Pathotype strain: NCPPB 4614; SAM119.
X. vasicola pv. arecae (Rao & Mohan) Dye 1978 comb. nov
= X. campestris pv. arecae (Rao & Mohan) Dye 1978.
Description as for the species and this pathovar is distinguished on the basis of phytopathogenic specialization. The pathovar is identified to species and distinguished from other pathovars by its gyrB gene sequence (Parkinson et al. 2009) and by genome-wide sequence analysis. According to Bradbury (1980) the natural host range includes: Areca catechu (areca nut). Bradbury (1986) reports the artificial host range to include: Cocos nucifera (coconut). Needle prick into sugar cane produced limited streaks, but the bacteria did multiply to some extent and could be re-isolated. Disease: leaf stripe. Long, narrow water-soaked lesions, becoming dark brown or black with age. It is not known if the strains being transferred to this taxon conform to the species description for metabolic activity.
Pathotype strain: NCPPB 2649; PDDCC 5791.
X. vasicola pv. musacearum (Yirgou & Bradbury) Dye 1978 comb. nov
= X. campestris pv. musacearum (Yirgou & Bradbury) Dye 1978.
Description as for the species and this pathovar is identified to species and distinguished on the basis of phytopathogenic specialization and is distinct from other pathovars by its gyrB gene sequence (Parkinson et al. 2009) and genome-wide sequence analysis. Gelatin slowly liquefied, starch not hydrolysed.
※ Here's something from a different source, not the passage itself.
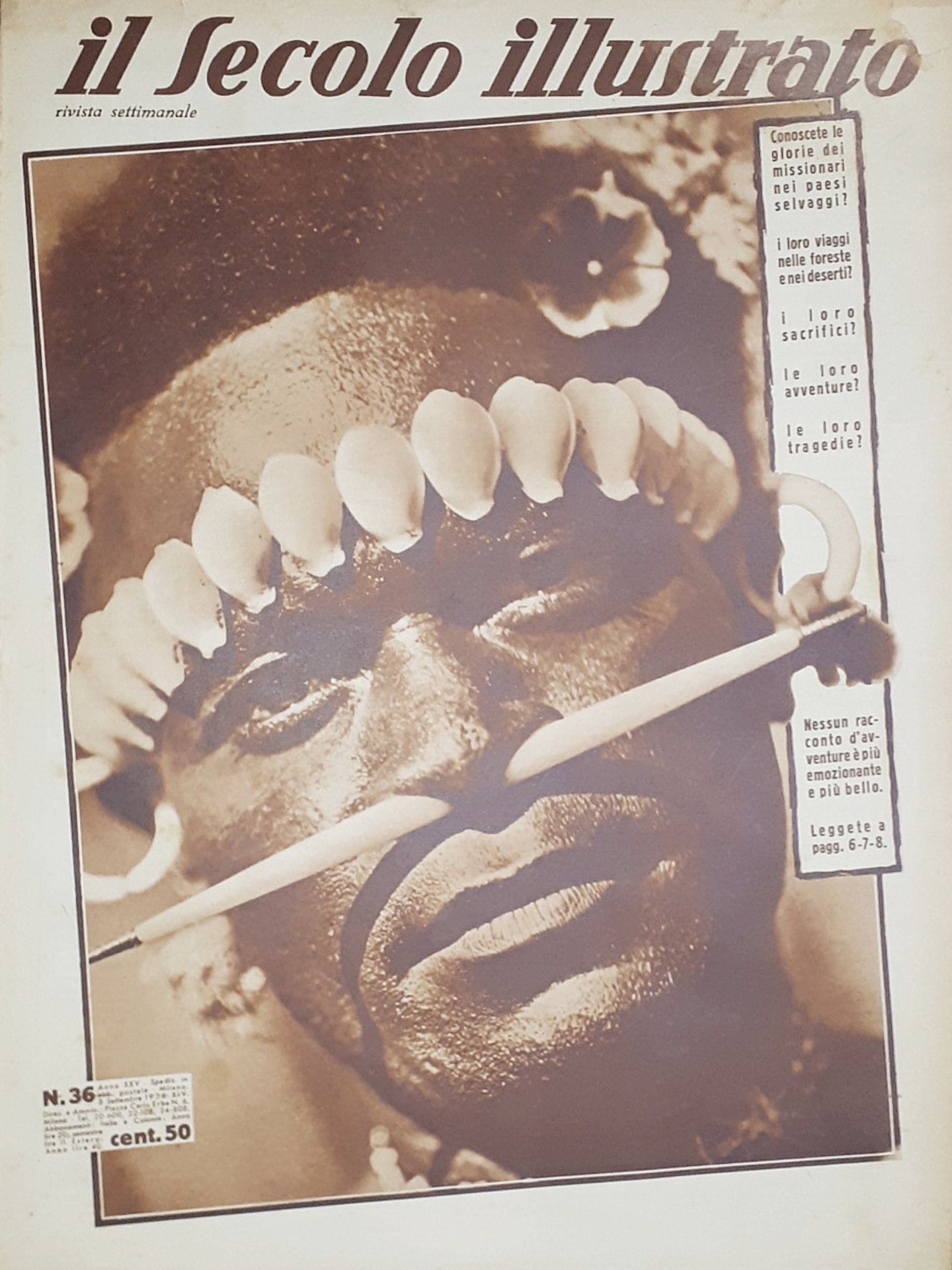 Rivista Attualità Il Secolo illustrato N. 36 Missionari nei paesi selvaggi 1936
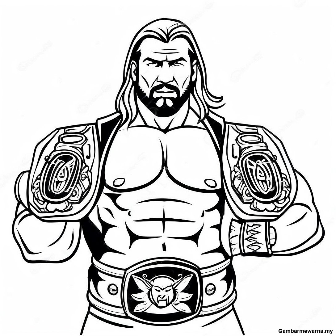Halaman Mewarna Triple H Memegang Dua Gelang 107334 44523

Growth quite rapid and very mucoid when cultured on Yeast-Peptone-Sucrose-agar based media for 48h at 28°C. According to Bradbury (1986), the natural hosts include: Ensete ventricosum (enset), Musa spp. (banana). Additional hosts by inoculation: Saccharum sp. (sugarcane), Zea mays (maize) and disease is exhibited as a bacterial wilt where leaves wilt and wither; yellowish bacterial masses are found in vascular tissue and parenchyma. It is not known if the strains being transferred to this taxon conform to the species description for metabolic activity.
Pathotype strain: NCPPB 2005; PDDCC 2870.